[[ DATASET RECORDS, beginning ]]

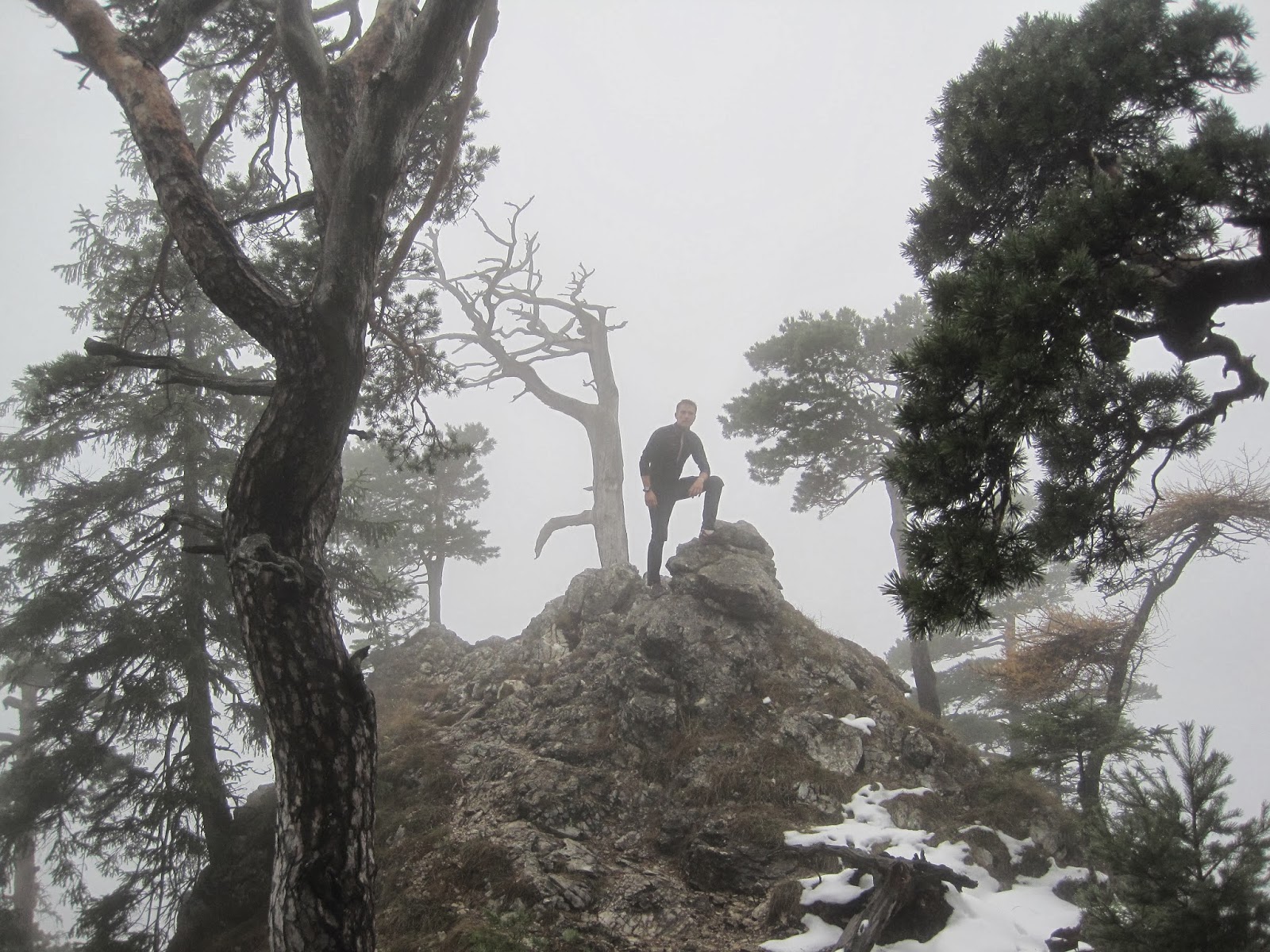 Aufgrund eines geplanten flüssigen Abends am Vortag, aber einem formidablen Inversionswetter auf den Bergen, vereinbarten wir für den heutigen Samstag eine Sonnenuntergangs-Tour. Nach einigen Überlegungen wurde der Traunstein als perfekte Destination für eine Verabschiedung des Hitzeplaneten über der Nebelschicht auserkoren. Der Felskoloss am Fuße des Traunsees ist uns beiden bestens bekannt und ein Abstieg sollte auch im Dunkeln zu meistern sein. Wir starten unsere Tour um 12.30 Uhr vom Parkplatz am Ostufer des Traunsees und wärmen unsere müden Beine beim Spaziergang zum Naturfreundesteig-Einstieg bestens auf. Die Idee über den alten Naturfreundesteig aufzusteigen , verwerfen wir aufgrund der unsicheren Schneelage wieder und klettern über die ersten versicherten Stellen empor. Das Wetter unter dem Nebel, dem wir bald zu entlfliehen hoffen, sehr trüb und miesepetrig. Arme Gmundner!
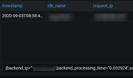 - ELBのlogだと、以下のようにヘッダと1行目は表示されるが、2行目以降がプルダウンになり、一覧で表示されない
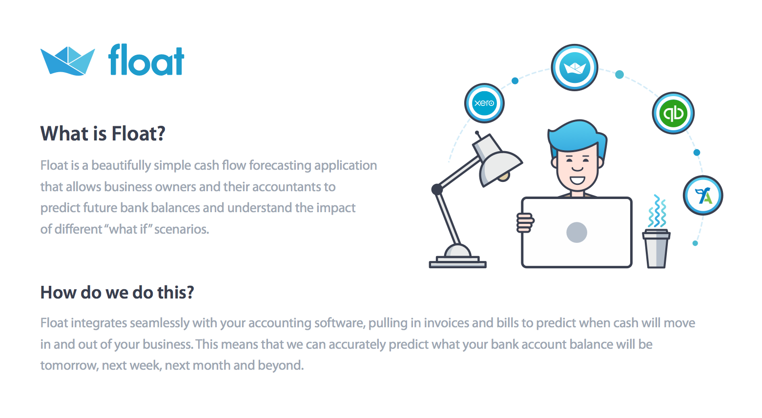 We can provide FloatApp cash flow forecasting software as an add-on to our FreeAgent software inclusive packages.
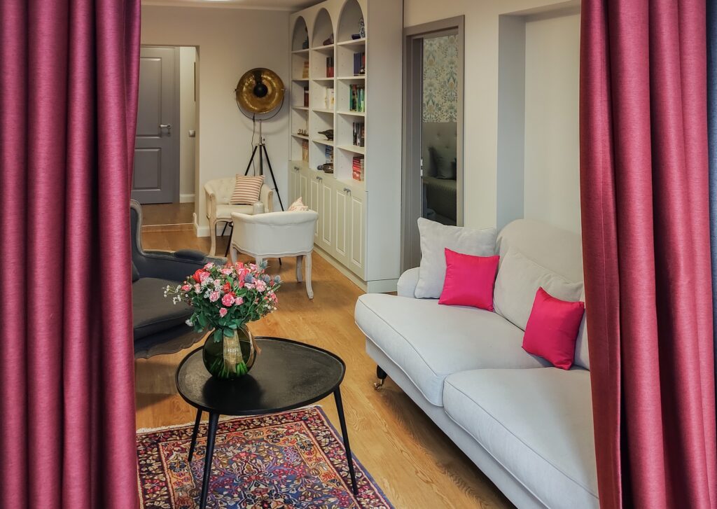 Metamorfoza – Transformarea spectaculoasa a unui apartament de bloc din anul 1986. Acest proiect de amenajare a fost o adevarata provocare, a necesitat o abordare aparte, a solicitat toata creativitatea, imaginatia si ingeniozitatea echipei Eclectarte. S-a dorit un interior cald, cu atmosfera serena in nuante pastelate, un camin cu intimitate si personalitate. Am dorit sa cream un spatiu clasic – contemporan cu piese de mobilier cu linii elegante, clasice dar cu partea de lemn patinata conferindu-le astfel un aspect rafinat, estetic. Rosul vibrant rubiniu l-am introdus ca accent cromatic in dialog cu nuantele pastelate, ivoir, griuri pe care si le-au dorit beneficiarii.
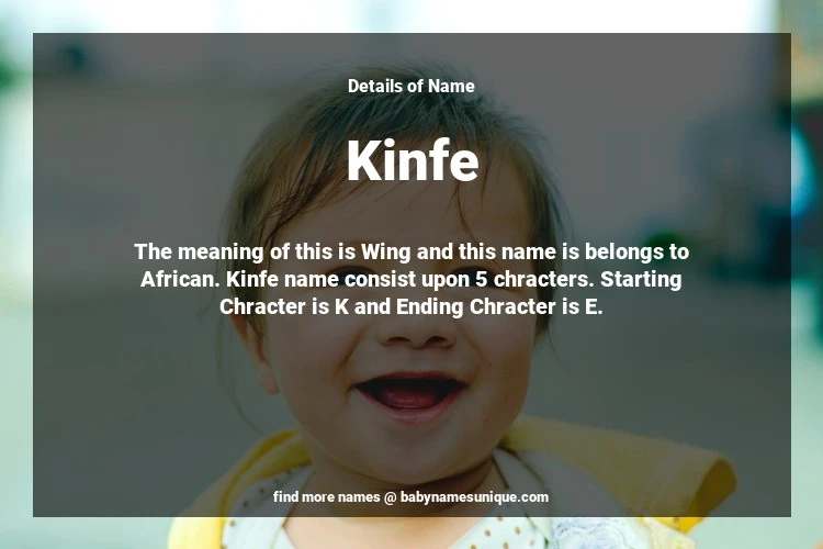 The name Kinfe is chosen by those who are willing to find Unique Transgenders Baby Names. The meaning of this is Wing and this name is belongs to African Origin. Baby Name Kinfe consist upon 5 chracters. Starting alphabet is K and ending alphabet is E. This name is used primarily by parents who are considering unique baby names for Transgenders. The Zodiac Sign suitbale for this name are;
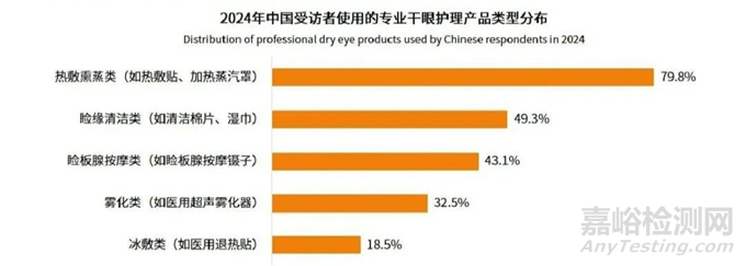 此外,受訪者更經(jīng)常使用熱敷熏蒸類專業(yè)干眼護理產(chǎn)品(79.8%),其次是瞼緣清潔類和險板腺按摩類專業(yè)干眼產(chǎn)品,分別占比 49.3% 和 43.1%。熱敷熏蒸類專業(yè)干眼產(chǎn)品使用方便,體驗舒適,成效顯著,符合廣大患者的眼部護理需求。
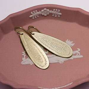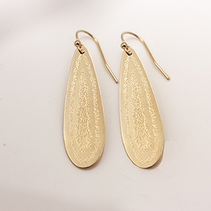 These 14k gold-filled earrings have a gracefully curved hand-embellished teardrop shape, finished off with a sculpted rounded 14k gold-filled ear wire. They would make a lovely gift!
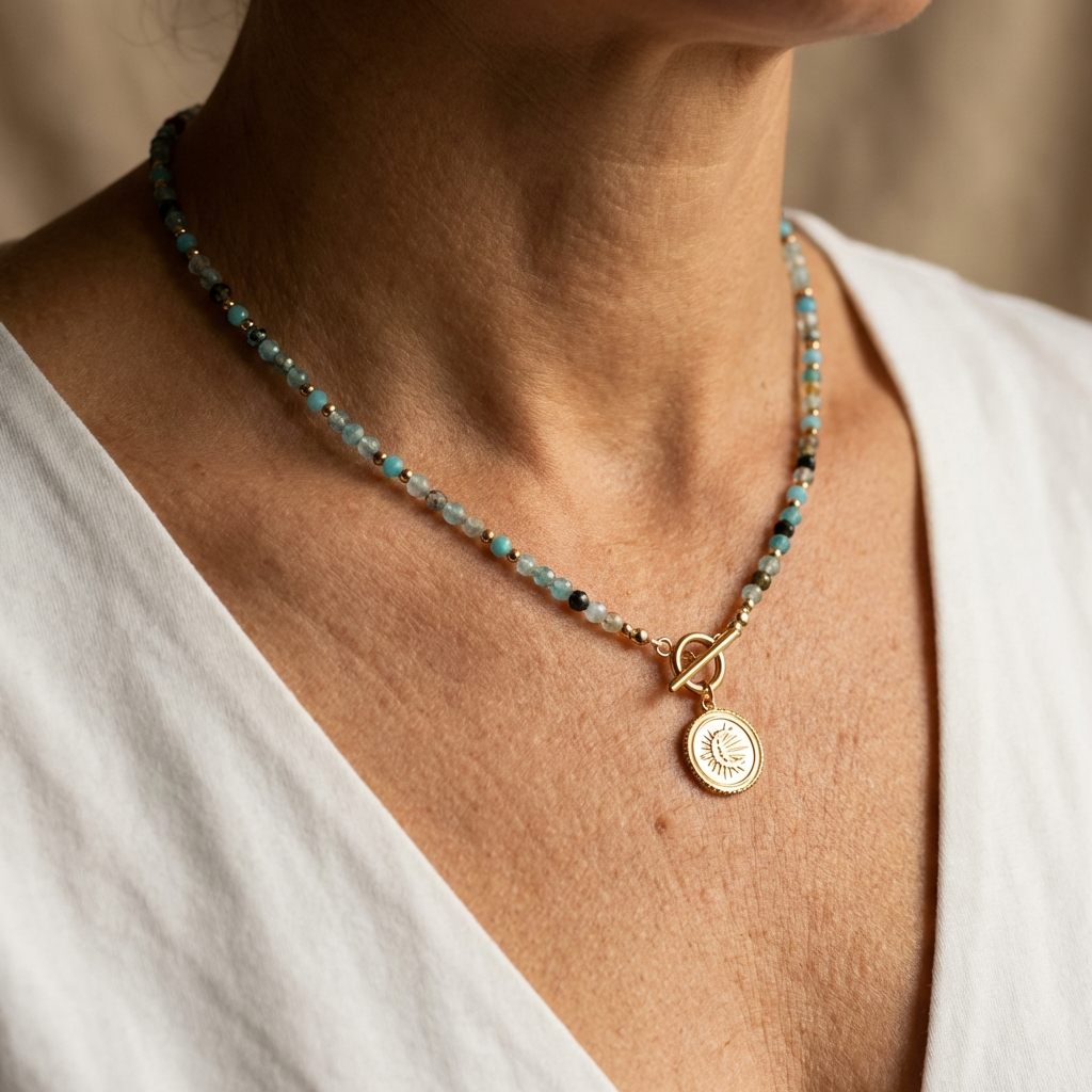 Naszyjnik Akwamaryn Moon ze stali chirurgicznej to ponadczasowa biżuteria, która podkreśli Twoją indywidualność i doda blasku każdemu dniu. Zamów już dziś i poczuj moc naturalnych kamieni!

[[ DATASET RECORDS, end ]]

= AIM OF THE EXERCISE =
Copy only this from above: the line containing "We can provide", the line containing "These 14k gold-filled", and all lines between, printed exactly. Leave out the pictures.

= RESPONSE TO THIS TASK =
 We can provide FloatApp cash flow forecasting software as an add-on to our FreeAgent software inclusive packages.
 Metamorfoza – Transformarea spectaculoasa a unui apartament de bloc din anul 1986. Acest proiect de amenajare a fost o adevarata provocare, a necesitat o abordare aparte, a solicitat toata creativitatea, imaginatia si ingeniozitatea echipei Eclectarte. S-a dorit un interior cald, cu atmosfera serena in nuante pastelate, un camin cu intimitate si personalitate. Am dorit sa cream un spatiu clasic – contemporan cu piese de mobilier cu linii elegante, clasice dar cu partea de lemn patinata conferindu-le astfel un aspect rafinat, estetic. Rosul vibrant rubiniu l-am introdus ca accent cromatic in dialog cu nuantele pastelate, ivoir, griuri pe care si le-au dorit beneficiarii.
 The name Kinfe is chosen by those who are willing to find Unique Transgenders Baby Names. The meaning of this is Wing and this name is belongs to African Origin. Baby Name Kinfe consist upon 5 chracters. Starting alphabet is K and ending alphabet is E. This name is used primarily by parents who are considering unique baby names for Transgenders. The Zodiac Sign suitbale for this name are;
 此外,受訪者更經(jīng)常使用熱敷熏蒸類專業(yè)干眼護理產(chǎn)品(79.8%),其次是瞼緣清潔類和險板腺按摩類專業(yè)干眼產(chǎn)品,分別占比 49.3% 和 43.1%。熱敷熏蒸類專業(yè)干眼產(chǎn)品使用方便,體驗舒適,成效顯著,符合廣大患者的眼部護理需求。
 These 14k gold-filled earrings have a gracefully curved hand-embellished teardrop shape, finished off with a sculpted rounded 14k gold-filled ear wire. They would make a lovely gift!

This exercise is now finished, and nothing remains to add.